If you have, think you have, know someone who you think has, think you know someone who thinks they know someone who might know someone who is related to someones who is dating someone that might have Asperger's, or if you are currently breathing and not on life support, or in a coma, you really should read this book. (Disclaimer: I cannot be held liable for any injury sustained in repeating the above sentence 3 times real fast.)
Hmmm, I should contact Tony about getting paid to advertise..........
Anyways, I cannot tell you just how amazing this book is. The depth, the details, everything about it makes it a most wonderful "reference manual" for people who have AS, and even quite a bit of info on autism too.
He has written it in such a way that even a "normal person", (i.e; not a doctor or other genius type), can understand it easily, for the most part.
There are a few chapters that discuss the clinical aspect of things, and therefore do use some medical terminology.
It showed me so many things about myself, that I would have never thought had anything to do with AS.
It talked about issues that I dealt with as a child, that to me were what I thought to be normal.
It showed me how different my thinking was, (I always knew I thought differently, but not to this degree.)
For the first time in my life, I realize just how blind I am when it comes to social cues, and empathy issues.
All my life people have told me how weird I am, and after I got older, I asked my wife if she could tell me why I had problems keeping friends. I asked the few friends I had the same question. But no matter who I asked, no one seemed to be able to, "put a finger on it".
All they could tell me is that there is just something different about you. Sometimes they would attempt to give cause, like, "maybe how smart you are makes them feel threatened.
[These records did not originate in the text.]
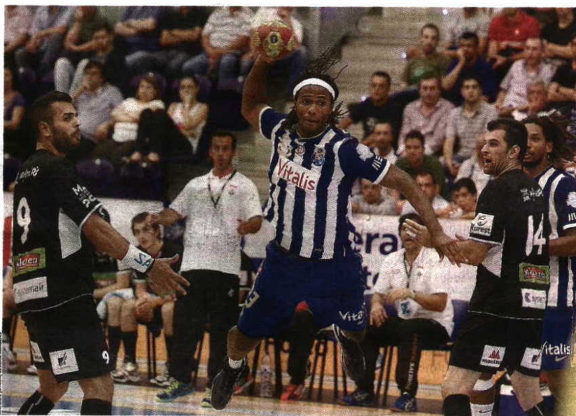
Esta noite FC Porto procura liderança isolada e Águas Santas pode igualar ABC

permitiu aos maiatos seguir em frente na Europa, referiu: "Não somos favoritos, mas estamos numa fase boa e vamos tentar disputar o jogo ao máximo. Se pudermos repetir a vitória que nos encheu de orgulho será excecional. O FC Porto está sempre bem preparado, é uma equipa fortíssima. Esperemos que o cansaço não se reflita no jogo". ■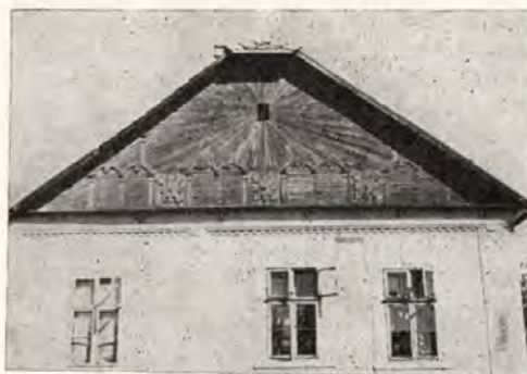
10. Szeged-Alsóváros, Szabadsajtó u. 1, épült: 1883.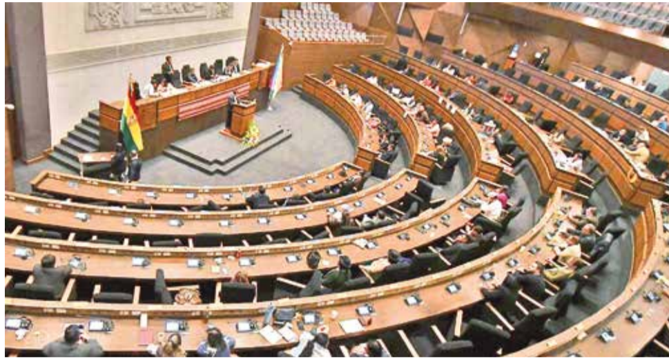
La Asamblea Legislativa Plurinacional, en sesión plenaria. APG

Lo que equivale a decir que los assembleístas tienen un mandato de cinco años que puede extenderse a otro periodo similar de manera continua, no siendo posible pretender, posterior a ello, volver a candidatear y menos ejercer dichas funciones por un tercer periodo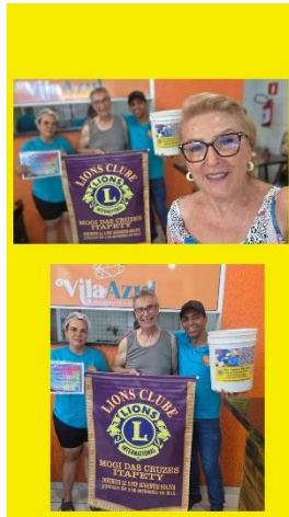
Mirante e Nete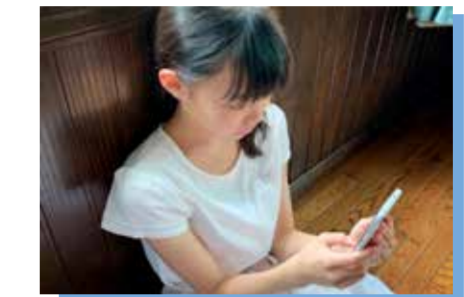
民間調査では中学生のLINE利用率は9割を超える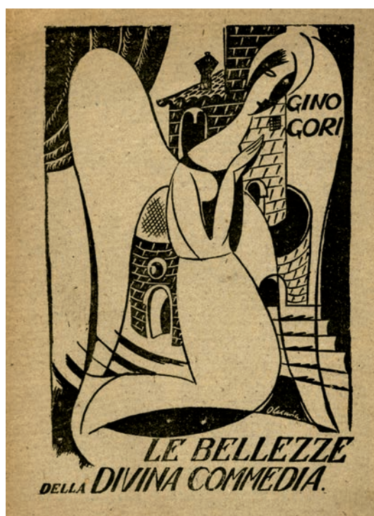
Fig. 2. Gino Gori. Le bellezze della Divina Commedia . Casa d'Arte Bragaglia, Roma, 1921. Portada de Sigismundo Olesevich. Archivio di Nuova Scrittura, Collezione Paolo della Grazia, Mart Rovereto.

Mediante Depero, Gori pensaba componer una metafórica fosa como las que señalaba el octavo círculo del Infierno de Dante. 53 El poeta florentino había sido uno de los blancos del futurismo, retomando la política de los agitadores Giovanni Pa-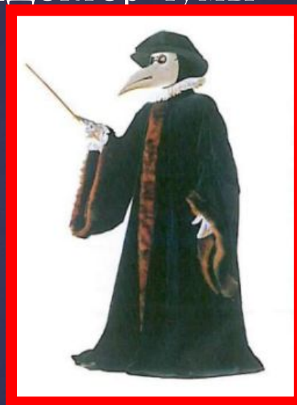
□ Доктор чумы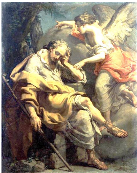
Gaetano Gandolfi, „Sen Józefa” olej na płótnie, ok. 1790; prywatna kolekcja

W trzecim śnie Józef dowiedział się, że może już wracać z Egiptu i ma osiedlić się w Nazarecie.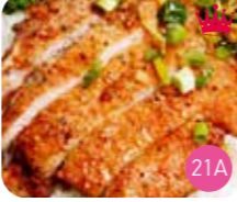
Poulet Grillé (env.6p)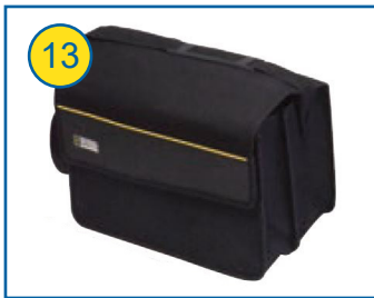
Transporttasche Nr. 22 P01298056 für Gerät und Zubehör (exkl. Erdungsmesszubehör), Abmessungen: 285 mm x 260 mm x 240 mm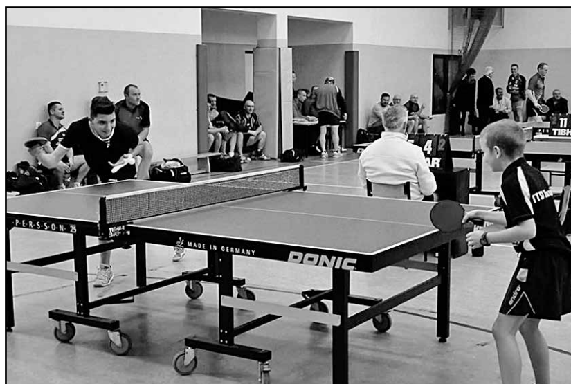
> Turniej tenisa stołowego o puchar Burmistrza

Szkole Podstawowej w Jaworzynie Śląskiej rozpoczął się IX Turniej Tenisa Stołowego o Puchar Burmistrza Jaworzyny Śląskiej, z okazji 97. Rocznicy Odzyskania Niepodległości, zorganizowany przez Sekcję Tenisa Stołowego Gminnego Ludowego Klubu Sportowego oraz Samorządowy Ośrodek Kultury i Bibliotekę Publiczną. W rozgrywkach wzięli udział zawodnicy z całego

In the end it still didnt really answer the question. Not because it didnt make sense, but because of the numbers, I guess.
You see, making friends has never been a "big" problem for me, it's keeping them.
Losing a couple because they feel threatened intellectually would make sense. Losing 97% of them after only a few weeks, or maybe months, that does not.
I never realized I had issues with empathy at all, and to be honest, I hesitate to use the word issue, simply because its misleading.
I have empathy.
If my wife, or one of my children is hurt, I do feel some level of distress, or discomfort over it. Its more about how I express empathy. That seems to be the real issue.
I am going to use an example from Tony's book to illustrate what I mean.
In the book, several children were asked a series of questions. This group was comprised of NT's and children with AS.
The first question asked was, "If you came home from school, and found your mother crying, what would you do?"
The first response from both groups of children is the same, "What's wrong?"
He then asks, "What could you do or say to make her feel better?"
I stopped reading at this point, to answer the question without knowing what the "proper answers" were.
My response was, "I would get her some tissues, leave her alone, or give her a hug depending upon the amount of sadness she was showing."
I then read the responses.
Typical children would offer words of support and/or encouragement to help cheer her up.
Children with AS preferred to offer a practical action, like getting some tea, offering tissues, talking about their, (the child's, not the mother's), special interest, or leaving her alone.
He then went on to add that occasionally, a child with AS would suggest a hug, but when asked why they would give the hug, their response was different.
Again, I stopped to formulate a response, which was, "That's what your supposed to do."
Proceeding to read on, it said, "that children with AS would usually respond with, "I dont know why, but that's what your supposed to do."
To use an NT expression, "You could have knocked me over with a feather".
Thirty six years of living, and if you would have asked me last week if my responses would be considered normal to an NT.........I most certainly would have believed so.
So again, if you really want to understand they way someone with AS thinks, or how different things might affect them, then don't hesitate, get this book.
If you only read ONE book about Asperger's, make sure that this is the one, you will not regret it.

2 comments:

Gavin Bollard said...

Great citations. I loved the empathy thing... and I did stop to formulate my responses before reading on in your post.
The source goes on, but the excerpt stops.